5. Get enough sleep and practice conscious eating.
Do not discount the importance of getting the proper amount of sleep for your body. Without the requisite number of sleep hours we each need, our brains cannot properly function. This results in forgetfulness, distraction, and even visual impairment. Anticipate mood swings to accompany all of that, especially when you aren’t eating judiciously.
Sleeping and eating healthily require self-awareness, which is one reason why mental clarity is so crucial. But without rest and nourishment, we cannot achieve proper mental clarity, ad infinitum — see how this functions cyclically?
6. Be grateful.
The manifesting community regard gratefulness as the most central component to personal achievement and self-actualization. Whether you put stock in this belief system or not, gratefulness is a healthy practice.
Some people make lists on paper of three things for which they are grateful per day. You can think it or say it aloud — whatever works best for you. Just remember to feel gratefulness as you perceive these blessings, or else you aren’t doing it correctly. Detachment does not serve you in this activity. The goal is a mild sense of euphoria during the activity that will foster an uplifted mood and positive thoughts throughout the day.
7. Hold yourself accountable.
Set goals and keep them. Do so in a way that makes sense for you.
One technique is to make a list of obligations and activities based on the completion time each obligation or activity potentially requires. The downfall of this technique is you may not complete all of your tasks that day, and most people tend to save the most challenging ones for last.
Another strategy is to block out time, for example, on Monday, Wednesday, and Friday for specific activities. Designate Tuesday and Thursday to other specified activities. The block scheduling method is effective for those who procrastinate or detract from course easily. A schedule can also include recreational activities, like baking a pie or watching a movie. It’s not all work during quarantine.

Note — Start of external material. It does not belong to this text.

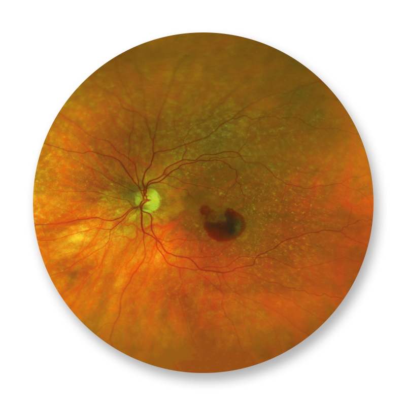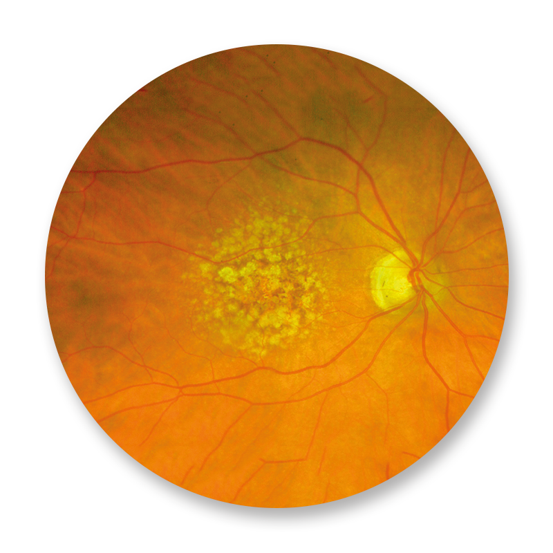 Unter dem Begriff Maculadegeneration wird eine Gruppe von Erkrankungen des Auges zusammengefasst, die die Macula lutea („der Punkt des schärfsten Sehens“) – auch „Gelber Fleck“ genannt – der Netzhaut betreffen und mit einem allmählichen Funktionsverlust der dort befindlichen Gewebe einhergehen. Die weitaus häufigste Form der Maculadegeneration ist die altersbedingte (oder senile) Maculadegeneration (AMD). Vor der Therapie muss zwischen der feuchten und der trockenen Form der Maculadegeneration unterschieden werden. Hauptrolle spielt hier die OCT Untersuchung und die Fluoreszenzangiographie. Die feuchte Form kann zu einem sehr schnellen Verlust der Sehkraft führen. Sie wird heute durch intravitreale operative Medikamentengaben (IVOM) von Anti-VEGF-Medikamenten (z. B. Avastin, Lucentis, Eylea) behandelt.

There are a myriad of ways to go about personal accountability, and the secret behind action is to start small and incentivize. Accountability matters because we slowly begin to feel lost without goals and aspirations. Over time, that adrift feeling can become disorientation, and disorientation can become a sense of purposelessness. Mental health practices seek to avoid such situations.
These are uncharted waters for millions-to-billions of us around the world. Know you are not alone, and take your mental health seriously. The outcome is in our control. We do not want to mess up our response because we are mentally, emotionally, or spiritually unwell. Lives are at stake.